Методы трансформации растительных клеток различаются в зависимости от трансформируемого объекта (однодольные или двудольные растения). Одним из самых распространенных методов получения трансгенных двудольных растений является метод кокультивирования с агробактерией. Этот метод основан на трансформации клеток растений агробактериями, несущими векторную конструкцию (бинарную, коинтегративную и др.). Популярность этого метода связана с относительной простотой проведения трансформации и довольно высоким выходом трансгенных растений – 10-60% в зависимости от вида. Методом кокультивации с агробактерией к настоящему времени получены трансгенные растения практически у всех сельскохозяйственных двудольных растений. Этот метод применим также и для некоторых однодольных растений, таких как пшеница, кукуруза, рис.

Для трансформации однодольных растений разработан ряд методов, которые могут быть применены и для двудольных растений, в частности методы прямого переноса генов в растительные клетки:

1) Метод трансформации протопластов растений основан на введении в протопласты практически любого ДНК-вектора, несущего чужеродный ген. В этом состоит преимущество этого метода. Однако могут быть использованы протопласты только тех клеток, из которых можно регенерировать растения.

2) Метод микроинъекции ДНК обладает рядом преимуществ. При этом методе трансформации может быть использован любой тип вектора. Трансформация не является видоспецифичной. Эффективность трансформации составляет 10-15% независимо от типа вектора. Недостатком метода является то, что можно одновременно сделать инъекцию только в одну клетку.

3) Метод электропорации основан на повышении проницаемости плазмалеммы протопластов для чужеродной ДНК за счет действия импульсов высокого напряжения. Применяется для введения генов только в протопласты, из которых могут быть регенерированы жизнеспособные растения.
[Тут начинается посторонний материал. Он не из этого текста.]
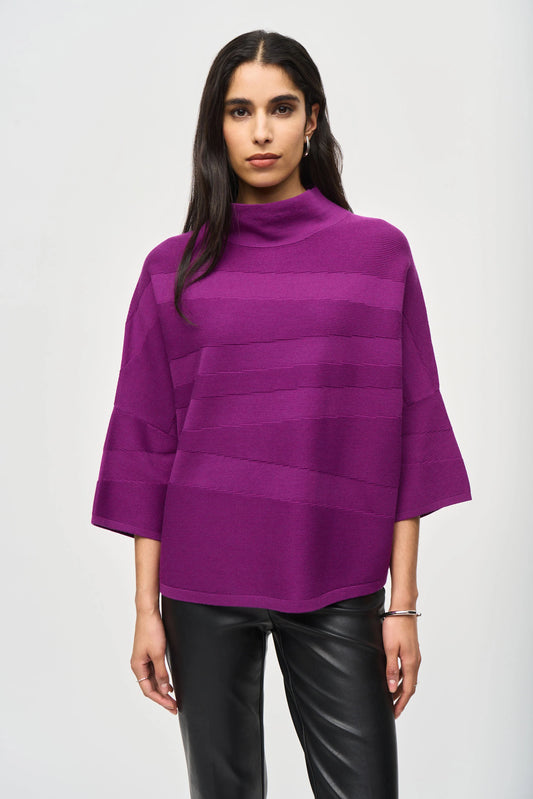 Jacquard Sweater Knit Cowl Neck Top - Vanilla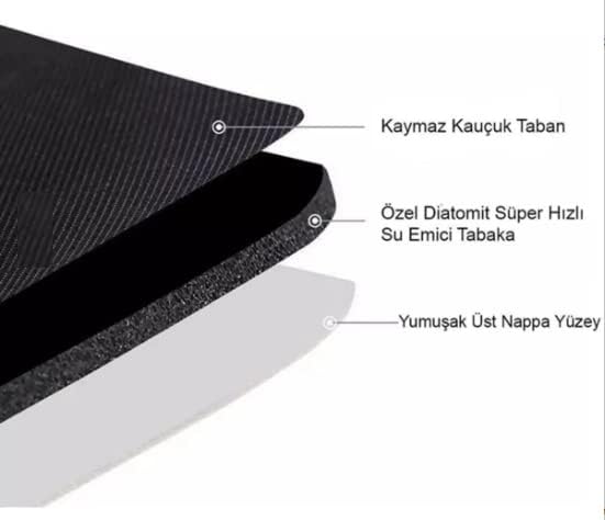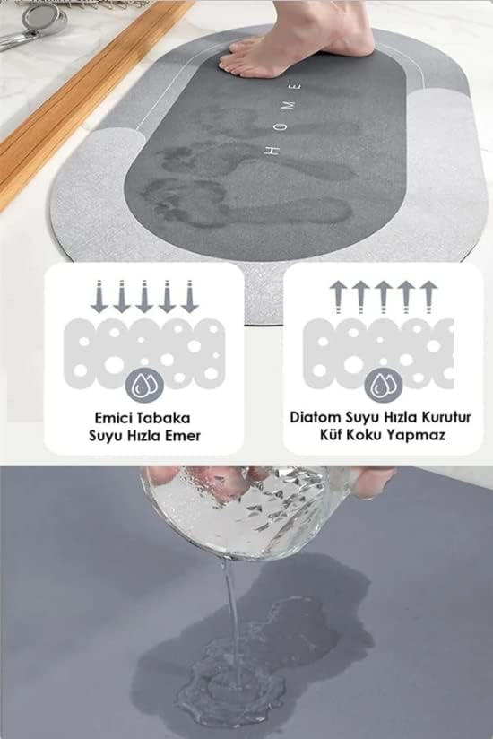 Banyo Paspası Süper Su Emici Kaymaz Tabanlı Paspas Banyo Paspası Oval Diatomit Paspas Süper Emici Paspas Oval (60x39cm) (Gri)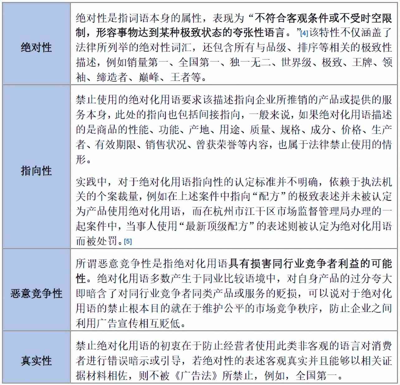 由于法律條文的簡潔性以及中文詞語語義的多樣性和復雜性,造成實踐當中對于絕對化用語的判定難以把握,是否構(gòu)成絕對化用語應當以《廣告法》對廣告內(nèi)容的原則性規(guī)定為基本依據(jù),結(jié)合廣告詞語的詞性、指向性、真實性等特性進行綜合考量: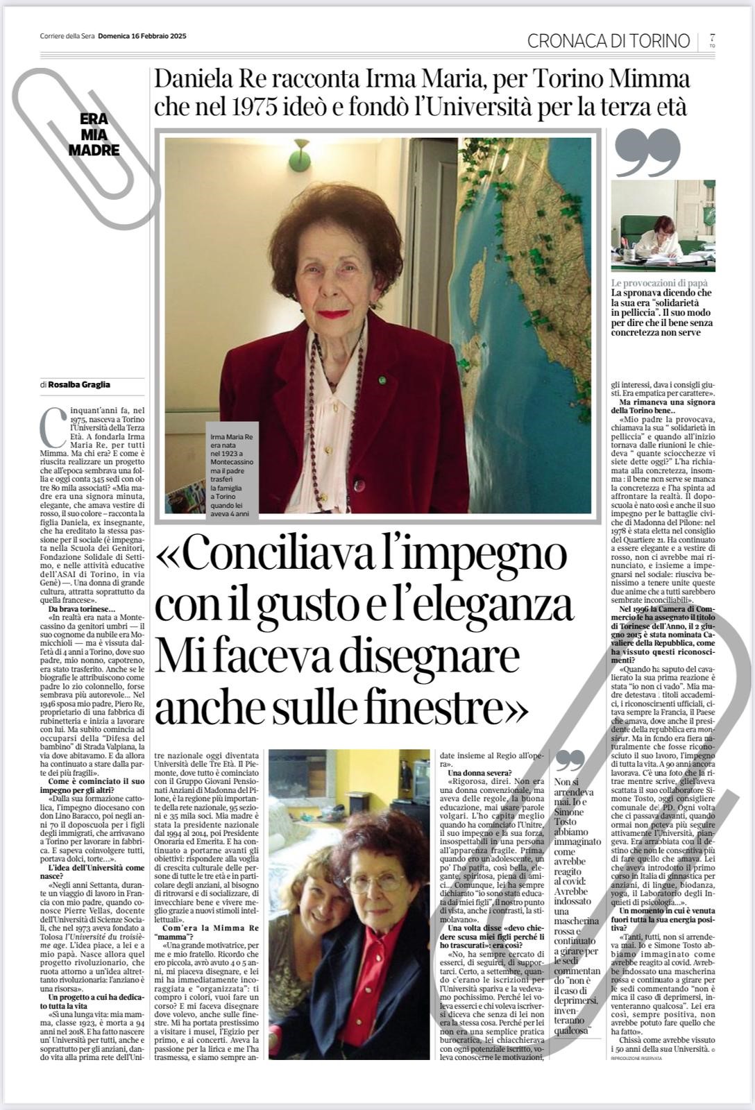 E’ con enorme piacere che riportiamo la pagina con la quale che lo scorso 16 febbraio 2025, Il Corriere della Sera ha voluto onorare la sua figura.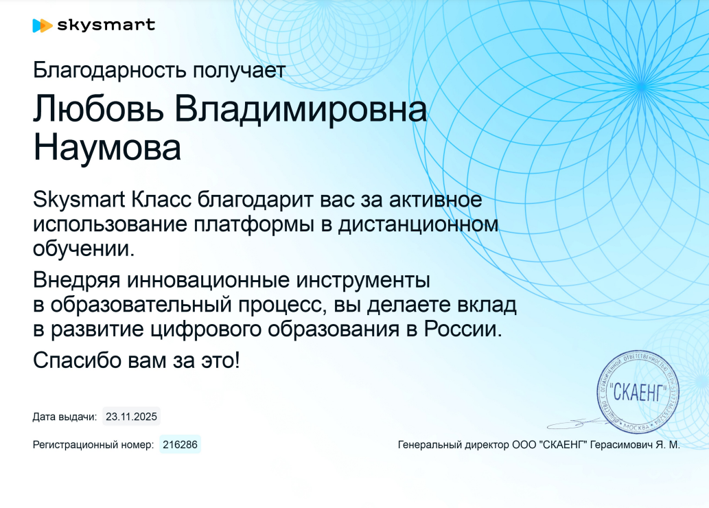 - Наставник победителя и суперпобедителя Второго всероссийского чемпионата юных писателей и поэтов «О России с любовью – 2024»;

4) Метод упаковки в липосомы основан на введении чужеродной ДНК в составе липосом в протопласты растений. Липосомы представляют собой сферические образования, оболочки которых состоят из фосфолипидов. Липосомы создаются искусственно путем встряхивания или обработки ультразвуком водных эмульсий фосфолипидов. С помощью этого метода в протопласты растений можно ввести практически любую векторную систему и даже целые метафазные хромосомы. Преимущества этого метода: низкая токсичность липосом по отношению к клеткам и высокая восприимчивость многих видов растений. Недостатки метода: низкая трансформирующая активность (0,5-1%), техническая сложность и могут быть использованы протопласты только тех клеток, из которых можно регенерировать растения.

Метод биобаллистической трансформации основан на бомбардировке микрочастицами из золота, вольфрама и платины с напыленными векторными ДНК или чужеродными ДНК культивируемых клеток растений. Попав в клетку, ДНК, покрывающая частицы, интегрируется в растительную ДНК. Этот метод применим для трансформации широкого круга растений, как однодольных, так и двудольных, прост в использовании. На сегодняшний день используется очень широко, в том числе и для транспортировки генов в хлоропласты и митохондрии.